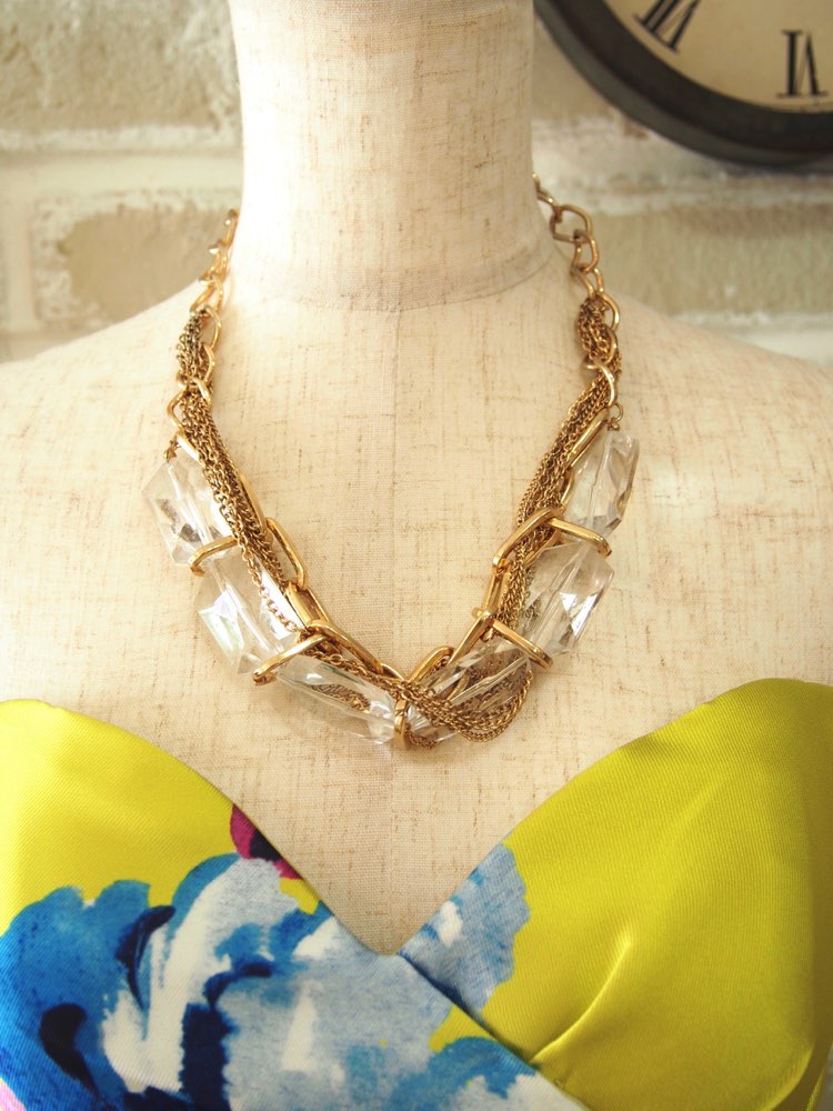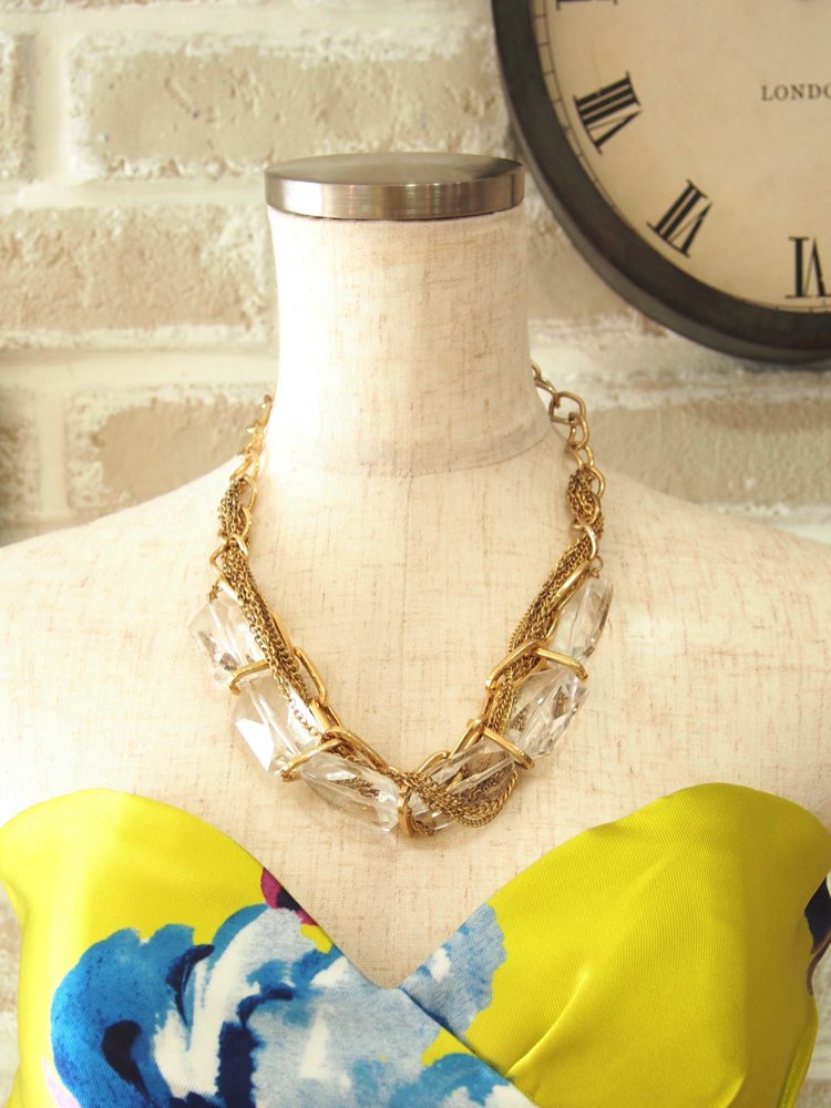 クリアカラーのストーンと太さの違うチェーンをランダムにまとめたゴールドカラーのネックレス。パーティーやお食事会などでのちょっとしたドレスアップスタイルにおすすめです。特にナイトシーンのパーティーなど、大人なドレスアップを試したい場合にチャレンジしてみてください。飾りのないスレンダーやタイトなシルエットのドレスと相性が良く、普段のお洋服との組み合わせもOKです。首元の開きがあまりないドレスの上に重ねたり、胸元が大きく開くドレス、どちらにも相性◎。余計な装飾がない肌馴染みのいいゴールドは、長さのないイヤーアクセと合わせると、首の短さや顔の大きさが気になるといったお悩みをお持ちの方にもすっきりとかっこよく着けていただけます。
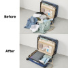 掃除機を使用せず、ファスナーを閉めるだけの簡単圧縮で、旅行バッグにコンパクトに収納できます。
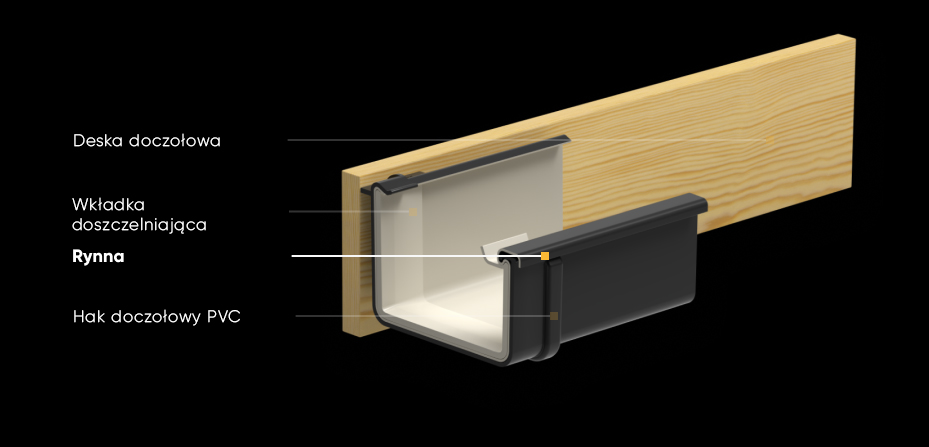 Innowacyjny element, który zalecamy stosować w miejscu uszczelki, dzięki zastosowaniu wkładki doszczelniającej, rynna i kształtka z uszczelką idealnie przylegają do siebie, tworząc wysoką szczelność miejsc łączenia elementów systemu.

================================

# [WHAT YOU NEED TO DO]
Where pictures appear, drop them, and reproduce exactly only the lines running from the beginning of the data to the line that contains "掃除機を使用せず、ファスナー", inclusive.

# [EXERCISE RESULT]
 クリアカラーのストーンと太さの違うチェーンをランダムにまとめたゴールドカラーのネックレス。パーティーやお食事会などでのちょっとしたドレスアップスタイルにおすすめです。特にナイトシーンのパーティーなど、大人なドレスアップを試したい場合にチャレンジしてみてください。飾りのないスレンダーやタイトなシルエットのドレスと相性が良く、普段のお洋服との組み合わせもOKです。首元の開きがあまりないドレスの上に重ねたり、胸元が大きく開くドレス、どちらにも相性◎。余計な装飾がない肌馴染みのいいゴールドは、長さのないイヤーアクセと合わせると、首の短さや顔の大きさが気になるといったお悩みをお持ちの方にもすっきりとかっこよく着けていただけます。
 掃除機を使用せず、ファスナーを閉めるだけの簡単圧縮で、旅行バッグにコンパクトに収納できます。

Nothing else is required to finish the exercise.